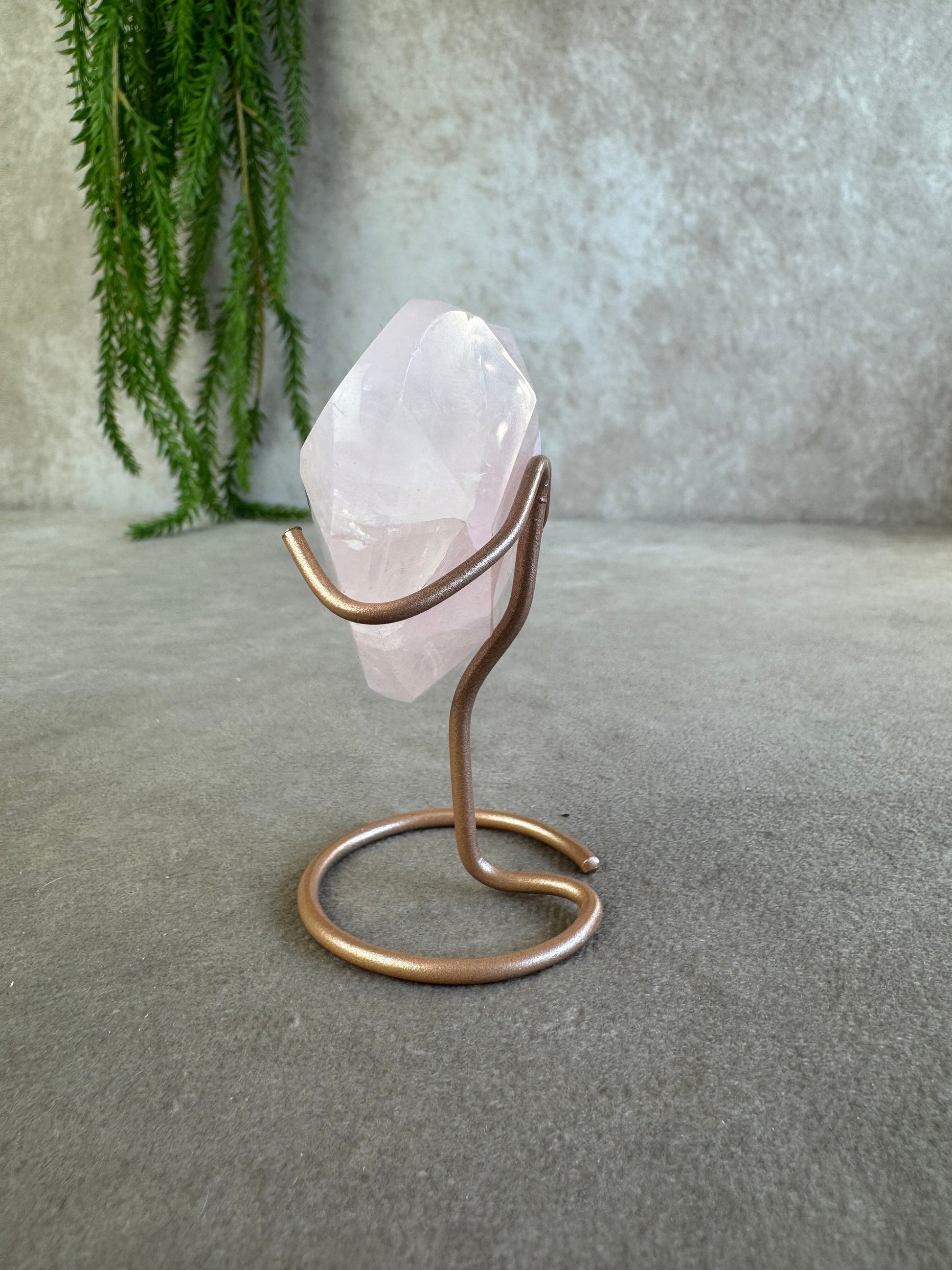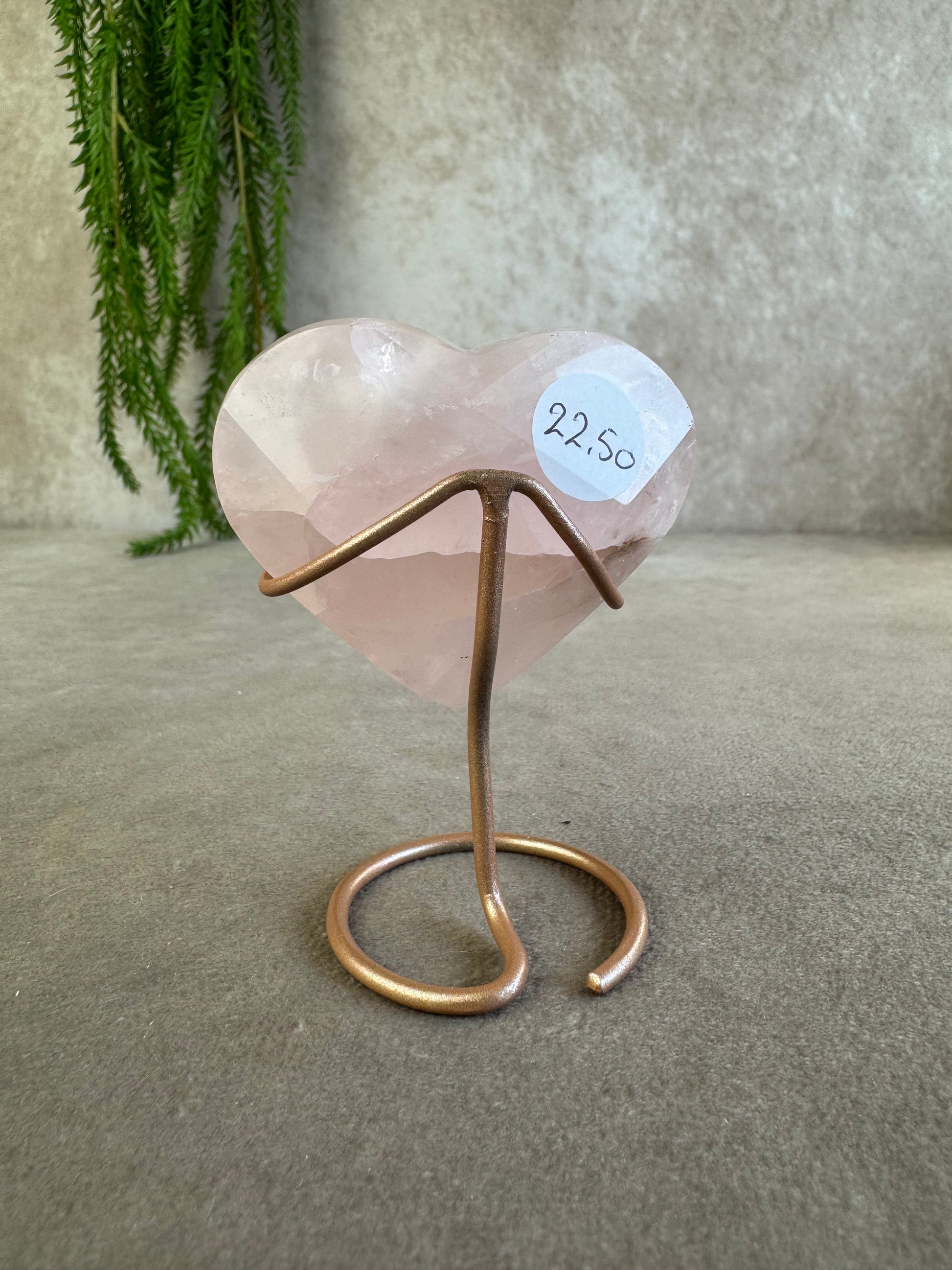 Dit lieve hartje van rozenkwarts staat op een elegante roze-gouden standaard en heeft inclusief standaard een hoogte van 7,7 cm. De zachte roze tinten geven het kristal een warme en liefdevolle uitstraling.
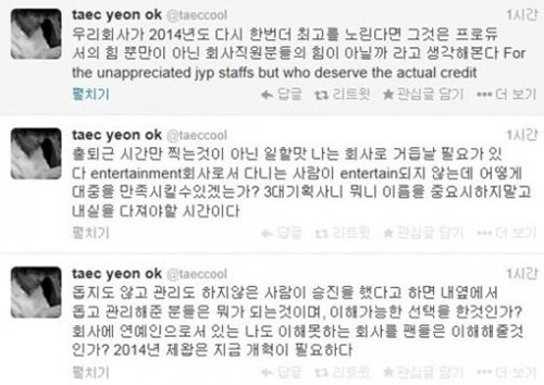 4일 새벽, 옥택연은 자신의 트위터에 3개의 글을 남겼다. 옥택연이 JYP의 인사 방침을 지적한 내용이 담은 글로 JYP의 인사 방식을 공개적으로 비판하기 위해 올린 글이었다. (사진 속 글)
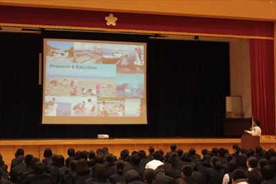 最後の質疑応答の時間には「スキューバダイビングで調べる時間はどれくらいか」「大学では英語の講義ばかりなのか」などの質問が出ました。
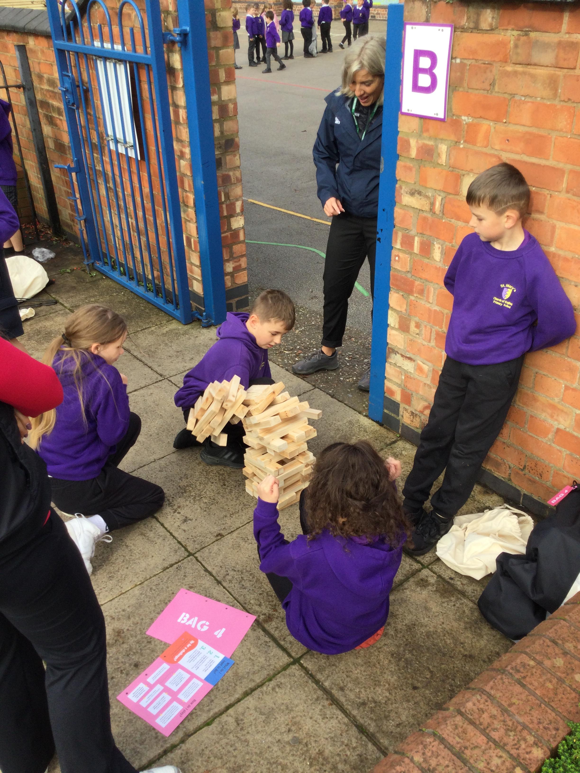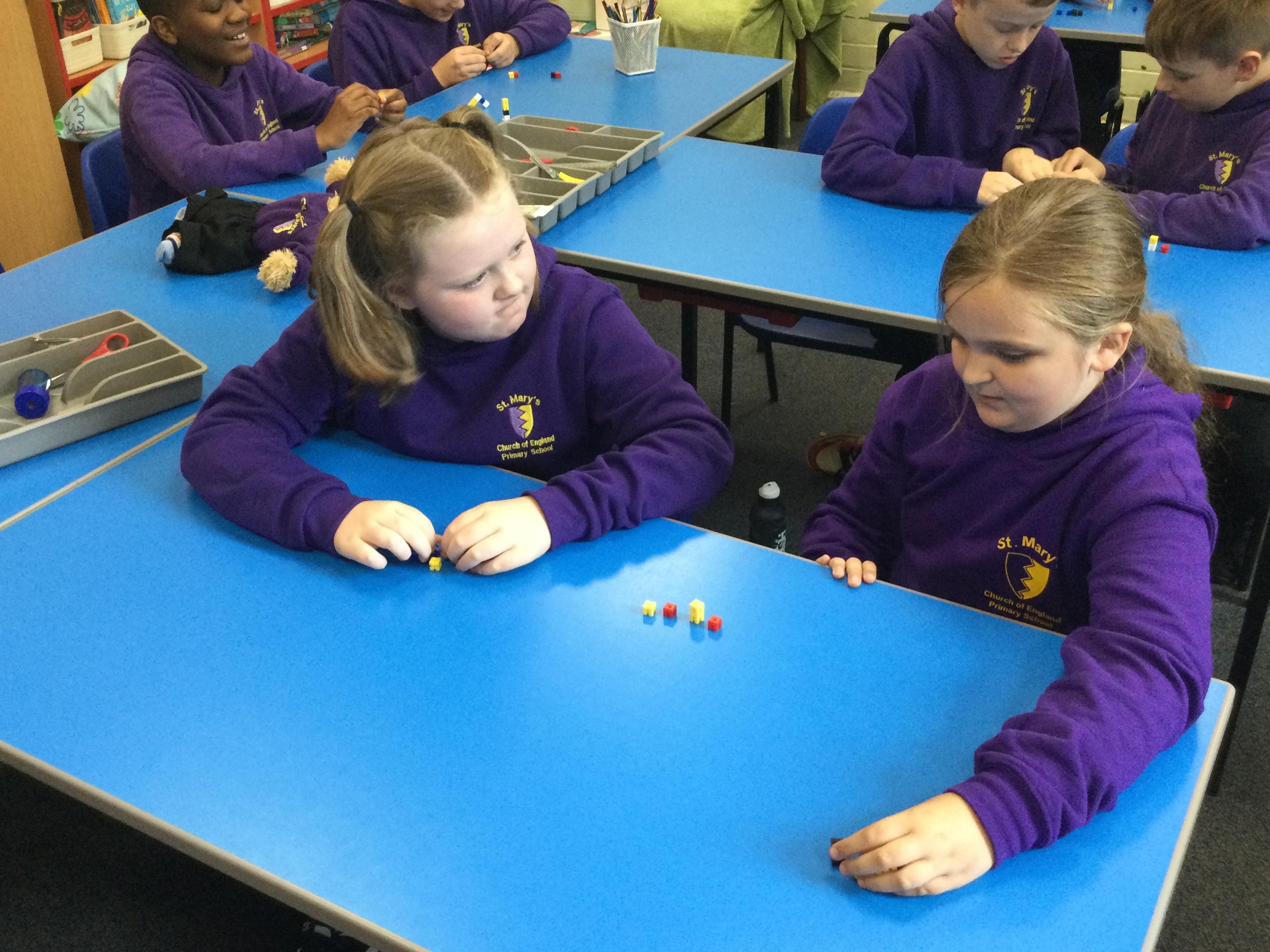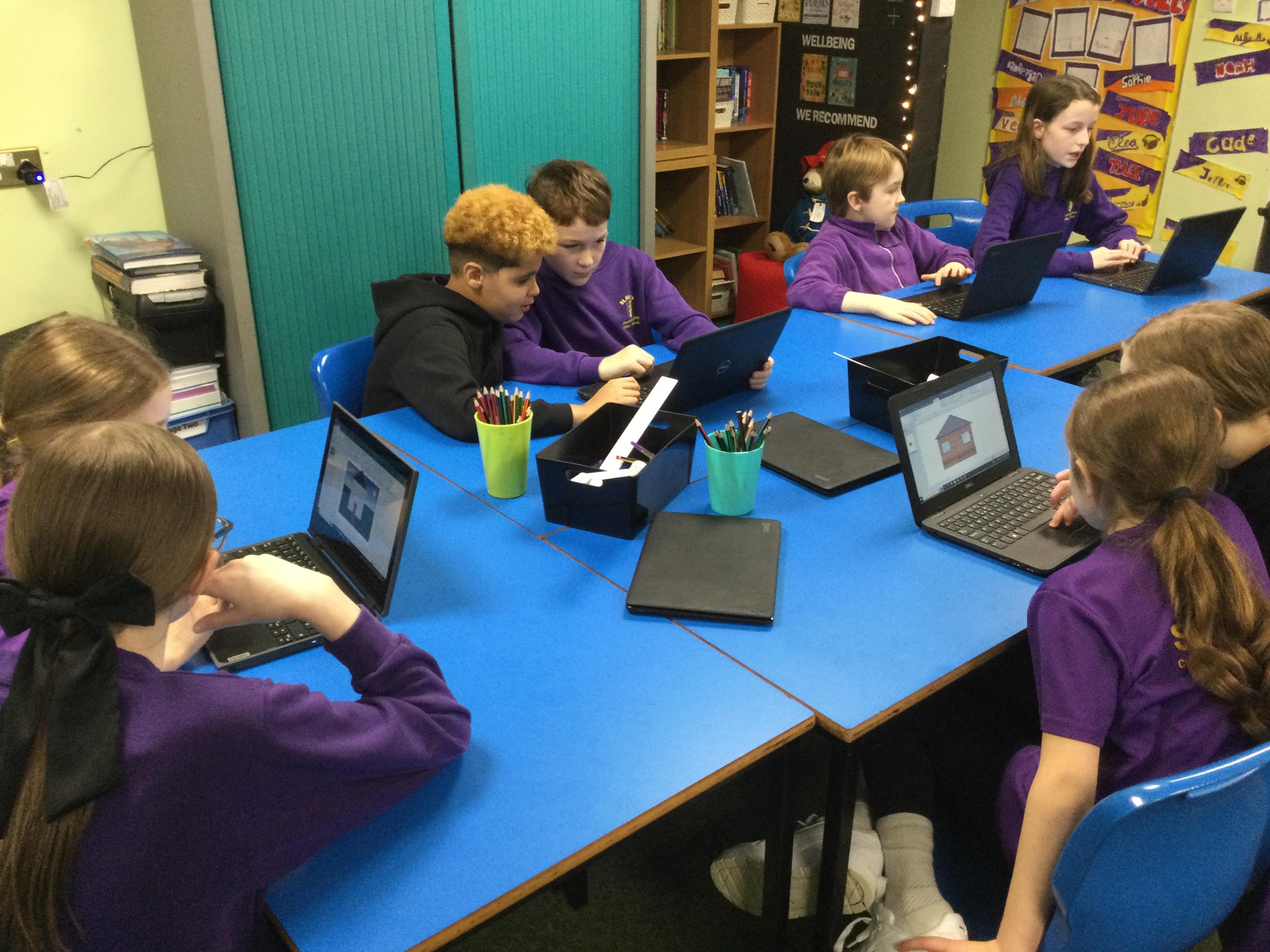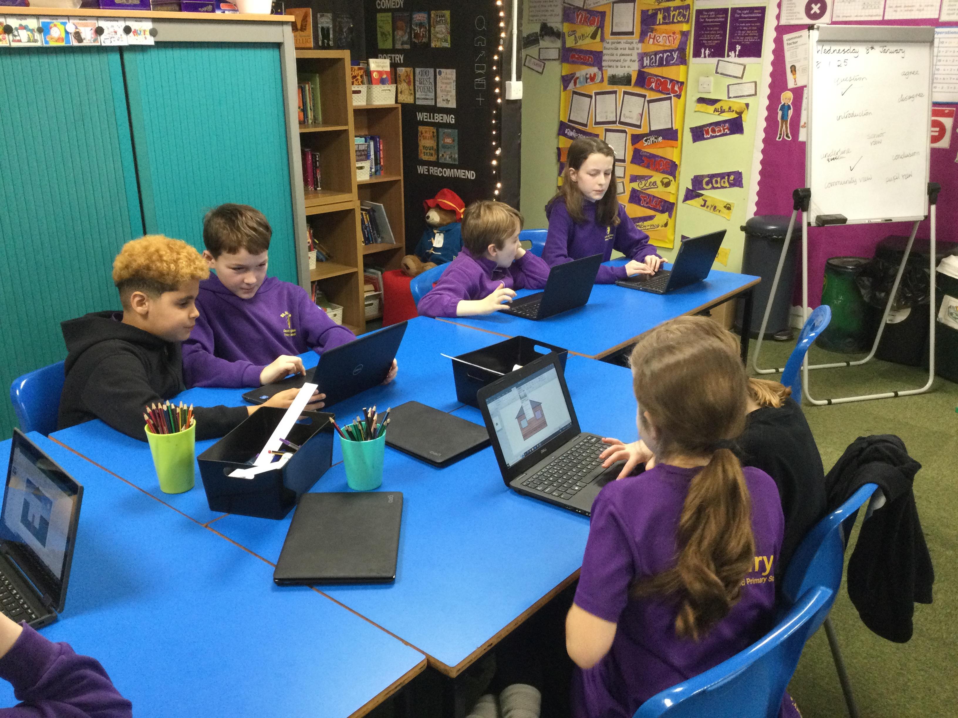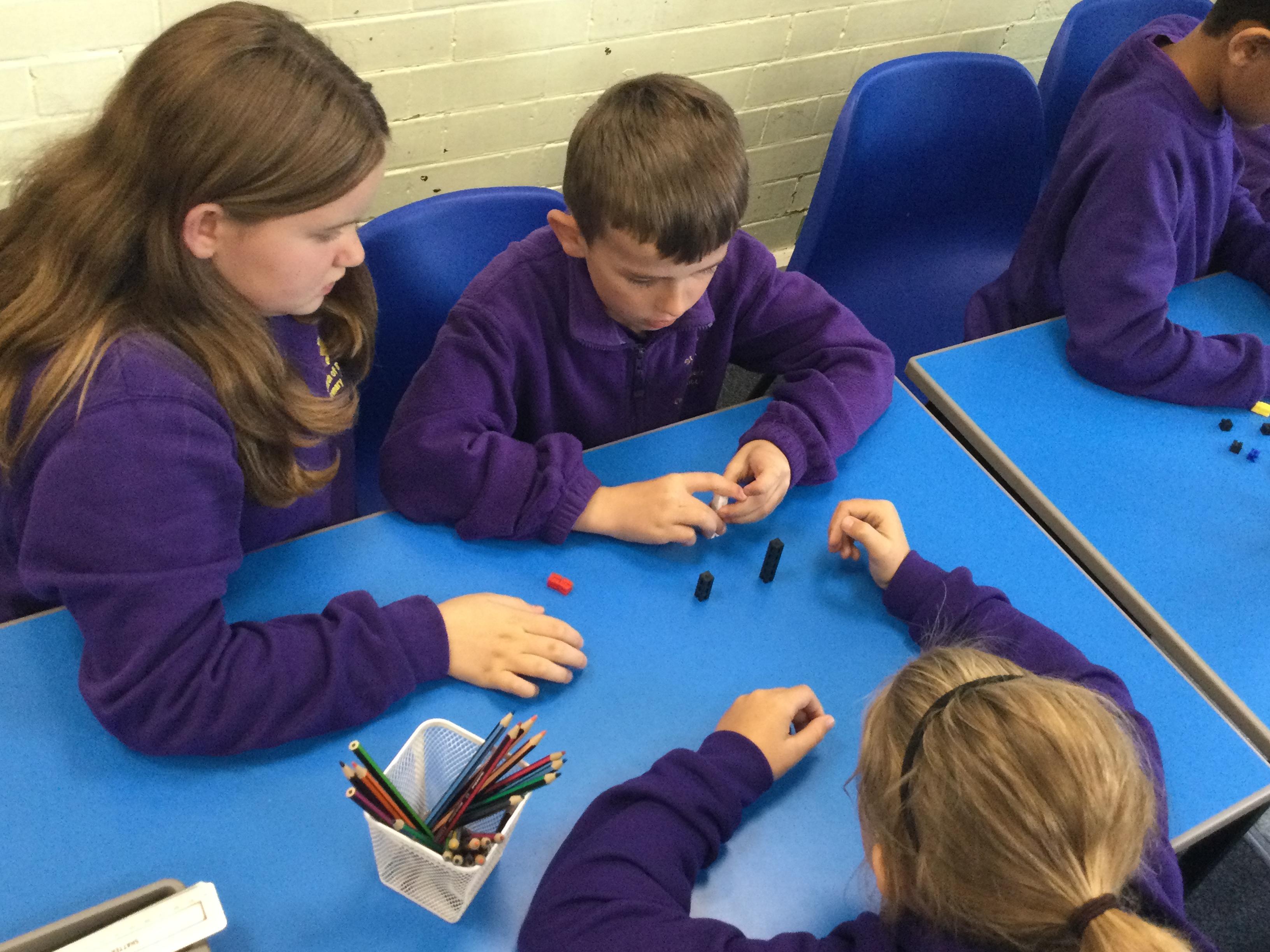Children have been learning how computers send messages to each other through a network. The children sent 'packets' via the routers (which were the children) from one machine to another. The children were only allowed to hold one 'packet' at a time.

** WHAT TO PRODUCE **
Repeat the full listing above exactly, with no pictures in the copy.

** ANSWER SPACE **
 Dit lieve hartje van rozenkwarts staat op een elegante roze-gouden standaard en heeft inclusief standaard een hoogte van 7,7 cm. De zachte roze tinten geven het kristal een warme en liefdevolle uitstraling.
 4일 새벽, 옥택연은 자신의 트위터에 3개의 글을 남겼다. 옥택연이 JYP의 인사 방침을 지적한 내용이 담은 글로 JYP의 인사 방식을 공개적으로 비판하기 위해 올린 글이었다. (사진 속 글)
 最後の質疑応答の時間には「スキューバダイビングで調べる時間はどれくらいか」「大学では英語の講義ばかりなのか」などの質問が出ました。
Children have been learning how computers send messages to each other through a network. The children sent 'packets' via the routers (which were the children) from one machine to another. The children were only allowed to hold one 'packet' at a time.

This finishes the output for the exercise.